◆ Raw data ◆

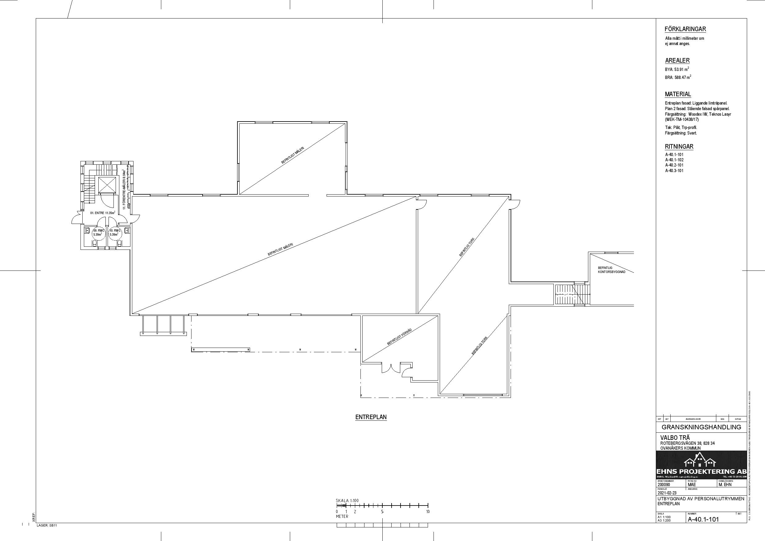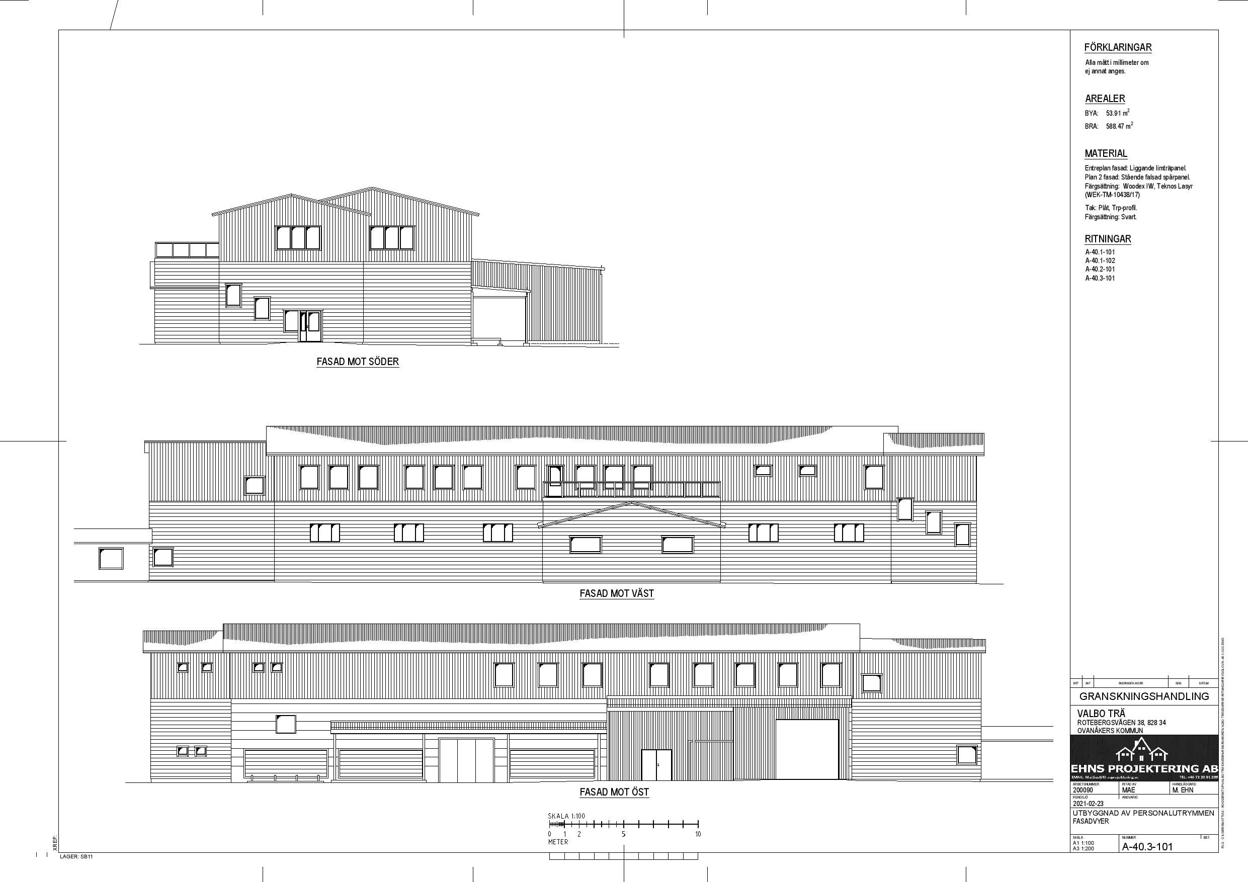Påbyggnad av 1st personalutrymme ovanpå befintligt måleri som skulle anslutas mot befintlig kontorsbyggnad.
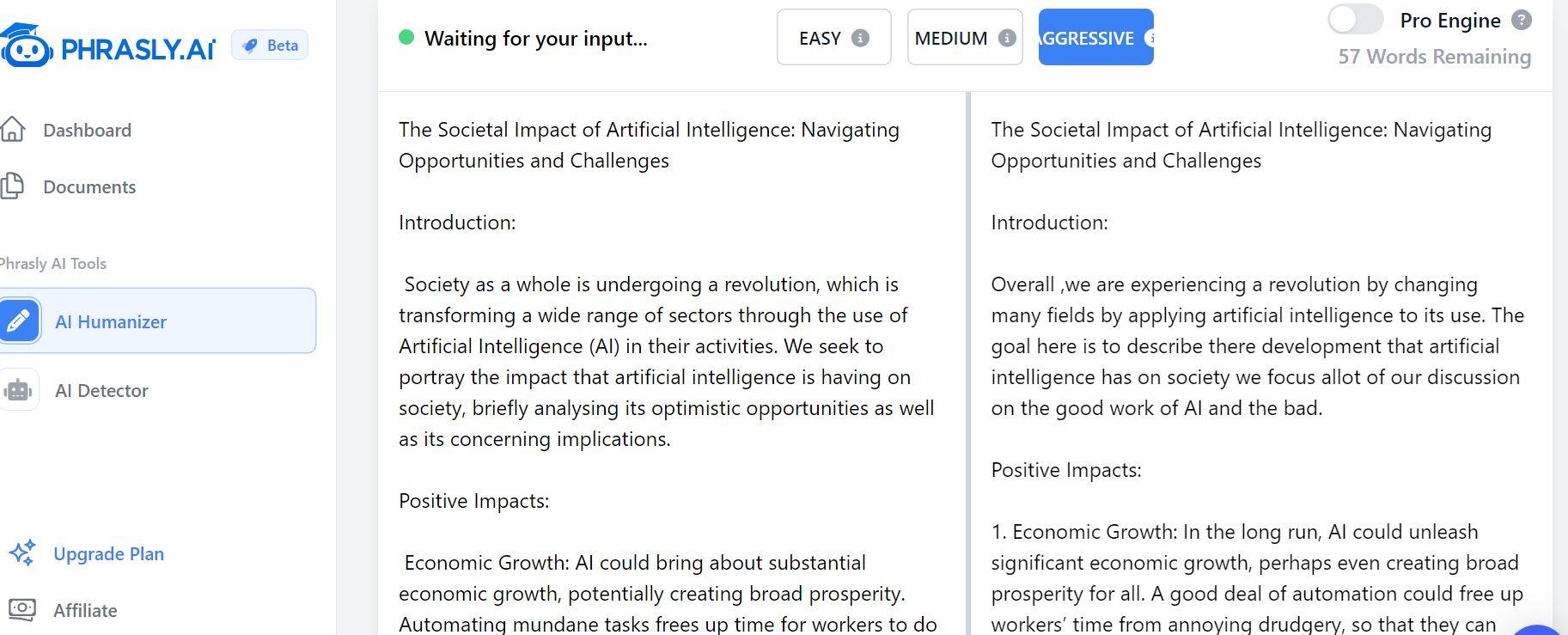 It becomes quite significant at this point. I took the text produced by AI, copied and pasted it into Phrasliy, and replaced it with human-written material. All you have to do is click the “Humanize” button located at the bottom of the page to finish it.
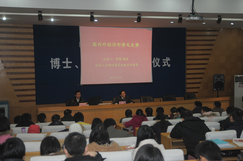 12月23日上午,管理楼108教室座无虚席,全国人大财经委员会副主任委员贺铿教授应邀来我们经管大讲堂,为伟德国际1949官网广大师生献上了题为《国内外经济形势及走势》的精彩学术讲座,讲座由我们党委书记胡振华教授主持。
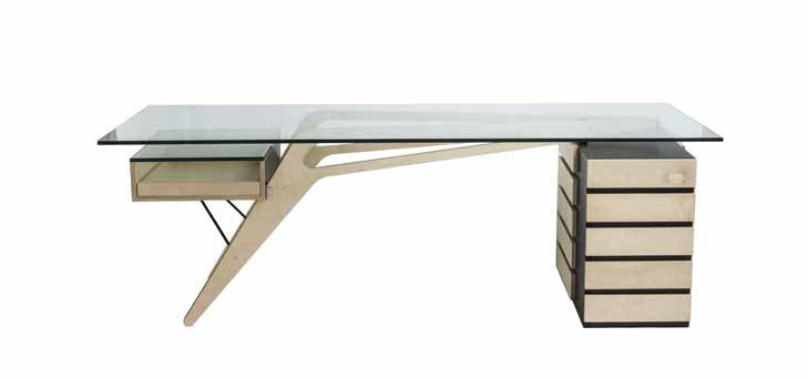 Struttura in legno (multistrato) verniciato naturale e laminato nero, piano in vetro.

◆ Task details ◆
Retype nothing except the lines from the first line of the listing above through the line with "12月23日上午,管理楼10", exactly as they stand, and no pictures.

◆ Output for this exercise ◆
Påbyggnad av 1st personalutrymme ovanpå befintligt måleri som skulle anslutas mot befintlig kontorsbyggnad.
 It becomes quite significant at this point. I took the text produced by AI, copied and pasted it into Phrasliy, and replaced it with human-written material. All you have to do is click the “Humanize” button located at the bottom of the page to finish it.
 12月23日上午,管理楼108教室座无虚席,全国人大财经委员会副主任委员贺铿教授应邀来我们经管大讲堂,为伟德国际1949官网广大师生献上了题为《国内外经济形势及走势》的精彩学术讲座,讲座由我们党委书记胡振华教授主持。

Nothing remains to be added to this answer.